On 30 August 1721, the Treaty of Nystad formalized Russia's acquisition of the Baltic provinces and the respective capitulations in articles IX, X, XI and XII. Sweden had to relinquish her claims "forever", and strike the provinces from the royal title. Peter the Great in turn changed his title from tsar to imperator, and amended it with kniaz Estlandskyi, Livlandskyi i Korelskyi, i.e. duke of Estonia, Livonia and Karelia. However, reconquest of her former Baltic dominions remained a Swedish war aim in the century following the Great Northern War, since these territories were of high strategic importance and Livonia had been a major Swedish source for grain. Yet, none of the respective attempts during the Russo-Swedish wars of 1741–1743, 1788–1790 and 1808–1809 was successful. As Loit (2004) put it:

It was the acquisition of Estonia in the year of 1561, which marked the first step to Sweden's emergence as a European great power, and it was when the Baltic provinces were lost to Russia in 1710 (1721), during the Northern War, that Sweden was transformed into a second-class power again.

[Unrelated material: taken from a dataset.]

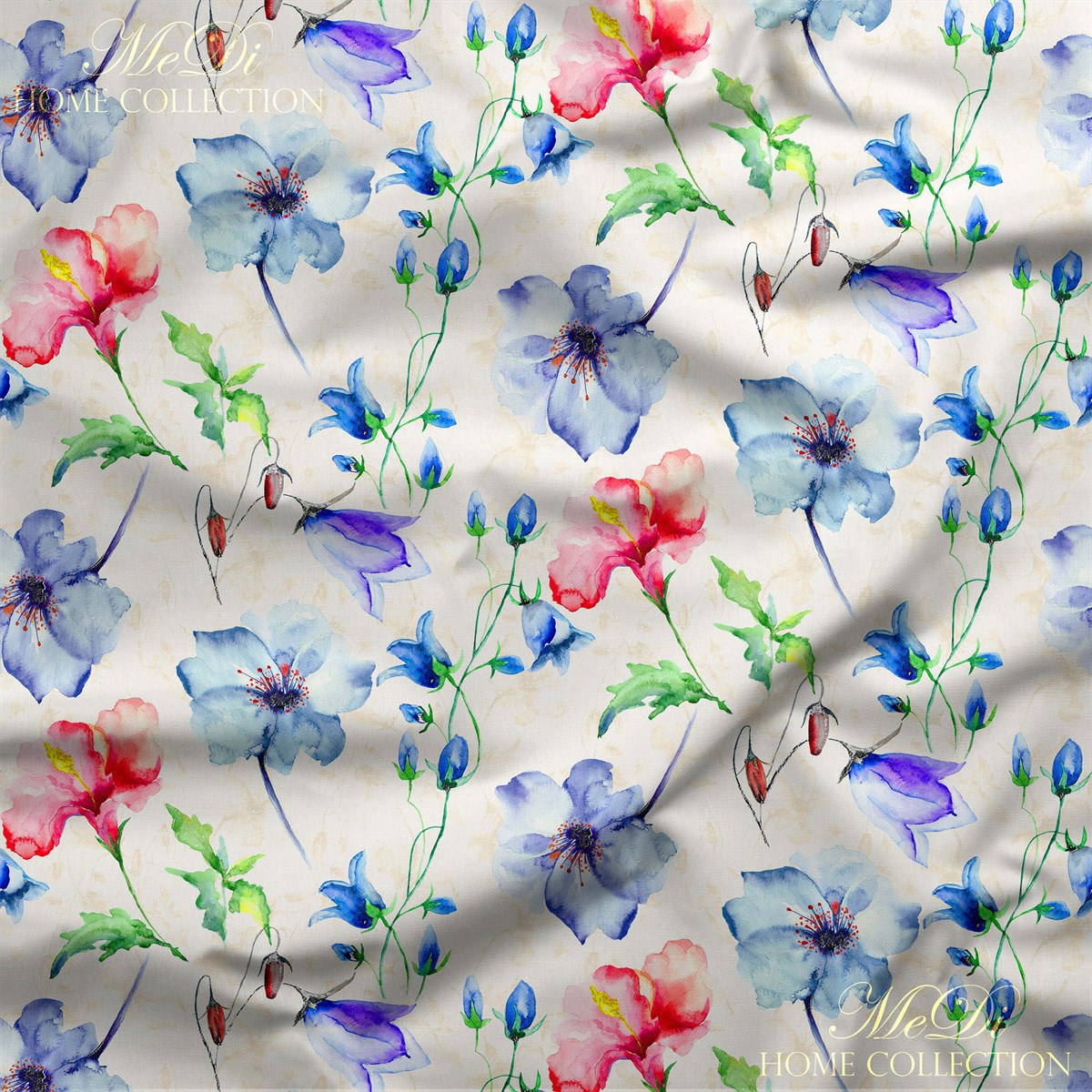 Krem tonlu huzurlu bir fon üzerinde, suluboya fırçasının zarif dokunuşlarıyla hayat bulan mavi, kırmızı ve mor çiçekler. İnce yeşil dallar ve tomurcuklar arasında adeta baharın hafif esintisini taşıyan bu desen, romantik ve ferah bir atmosfer yaratıyor.

The acquisition of Estonia and Livonia introduced a new class of Baltic German nobles to Russian courts. During the following centuries, Baltic Germans were to occupy important positions in the Russian Empire. In 1795, Early Modern Russia completed her Baltic expansion with the acquisition of Courland by a capitulation similar to the Estonian and Livonian ones, following the Third Partition of the Polish-Lithuanian Commonwealth. The Baltic provinces retained their special status within the Russian Empire until tsar Nicholas I started to implement Russification policies in the 1840s. Between 1883 and 1905, under tsar Alexander III, nationalist policies resulted in changes in administration and education, before the 1905 Russian Revolution eased the situation. While after the conquest of the Baltic provinces Peter the Great had guaranteed that the German language retained its status as official language, Catherine II had introduced Russian as second official language, and in the 1880s, Russian was introduced as the second lingua franca.